* [EXERCISE AIM]
Write every line below out again, exactly as given, but leave out the pictures.

* [DATASET EXTRACT]
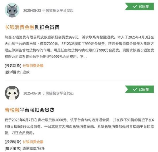 近日,有消费者反映称,于2025年6月7日在“青松融”平台贷款4000元,放款方为陕西长银消费金融,次日该消费者又被扣取了599元会员费用。该消费者表示是平台自动勾选会员,自己并不知情,要求退费的同时希望长银消费作为放款方加强对助贷机构“青松融”的监管。
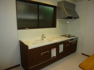 まずは先行してキッチンパネルを張ります       そしてキッチン取付完了
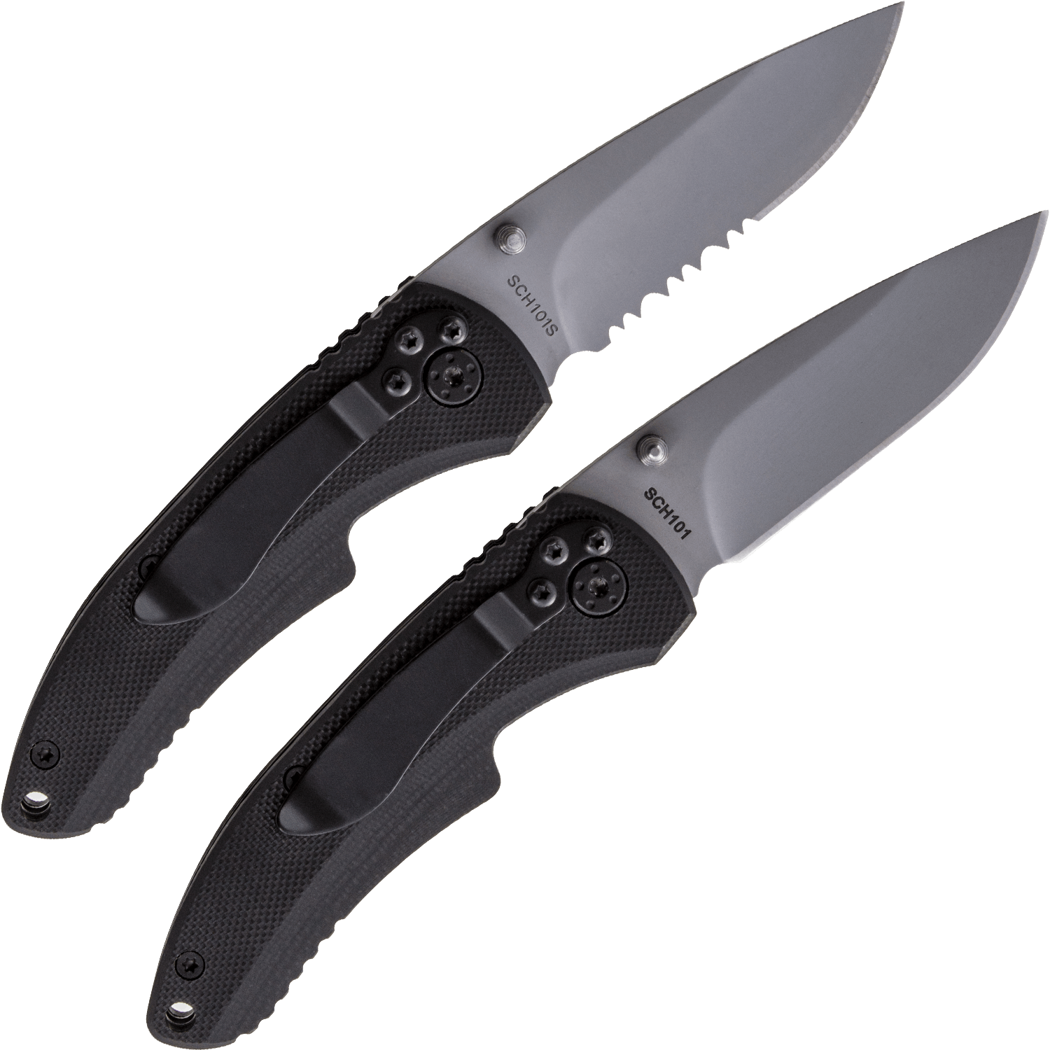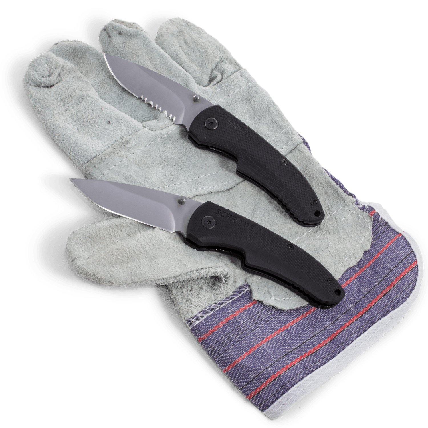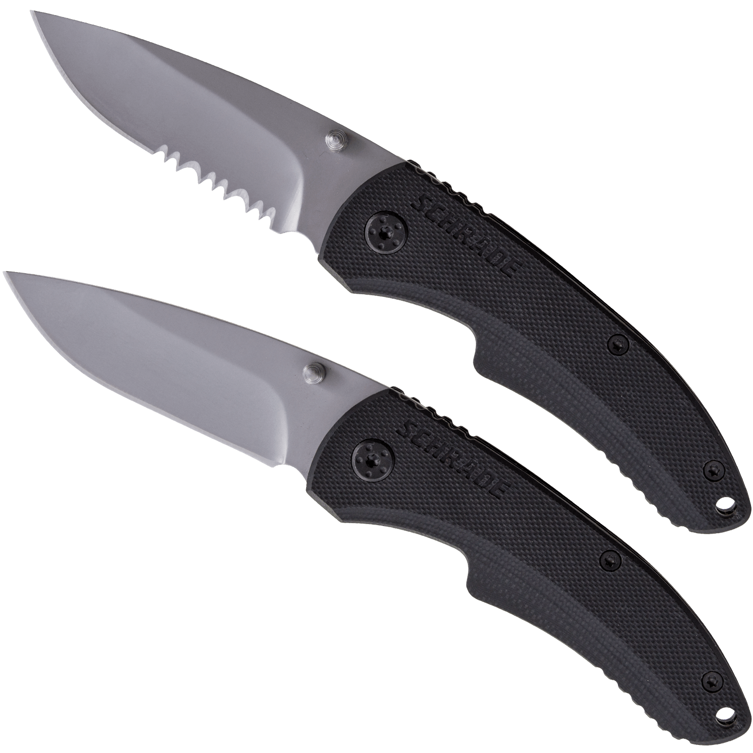 Specs ==== - Model: SCH101- Model: SCH101S - 9Cr14Mov Stainless Steel - Drop Point Blade - G-10 Handle - Bead-blast coating - Blade length: 2.6 in - Opened length: 6.25 in - Closed length: 3.5 in - Liner lock - Ambidextrous thumb knobs Condition: NewWarranty: Lifetime SchradeEstimated Delivery: 4/27 - 4/30Shipping: $5 or free with VMP What’s in the Box? ==== 1x 2.6in Schrade serrated drop-point knife 1x 2.6in Schrade non-serrated drop-point knife Pictures ==== Open knivesReverse openClosed knivesReverse closedGlove for scaleGlove post knife game for scalePrice Check ==== $42.64 List, $23.68 at Amazon for non-serrated and serrated (third party) togetherFind a relevant price comparison? Please share it in a reply to this comment

* [SOLUTION]
 近日,有消费者反映称,于2025年6月7日在“青松融”平台贷款4000元,放款方为陕西长银消费金融,次日该消费者又被扣取了599元会员费用。该消费者表示是平台自动勾选会员,自己并不知情,要求退费的同时希望长银消费作为放款方加强对助贷机构“青松融”的监管。
 まずは先行してキッチンパネルを張ります       そしてキッチン取付完了
 Specs ==== - Model: SCH101- Model: SCH101S - 9Cr14Mov Stainless Steel - Drop Point Blade - G-10 Handle - Bead-blast coating - Blade length: 2.6 in - Opened length: 6.25 in - Closed length: 3.5 in - Liner lock - Ambidextrous thumb knobs Condition: NewWarranty: Lifetime SchradeEstimated Delivery: 4/27 - 4/30Shipping: $5 or free with VMP What’s in the Box? ==== 1x 2.6in Schrade serrated drop-point knife 1x 2.6in Schrade non-serrated drop-point knife Pictures ==== Open knivesReverse openClosed knivesReverse closedGlove for scaleGlove post knife game for scalePrice Check ==== $42.64 List, $23.68 at Amazon for non-serrated and serrated (third party) togetherFind a relevant price comparison? Please share it in a reply to this comment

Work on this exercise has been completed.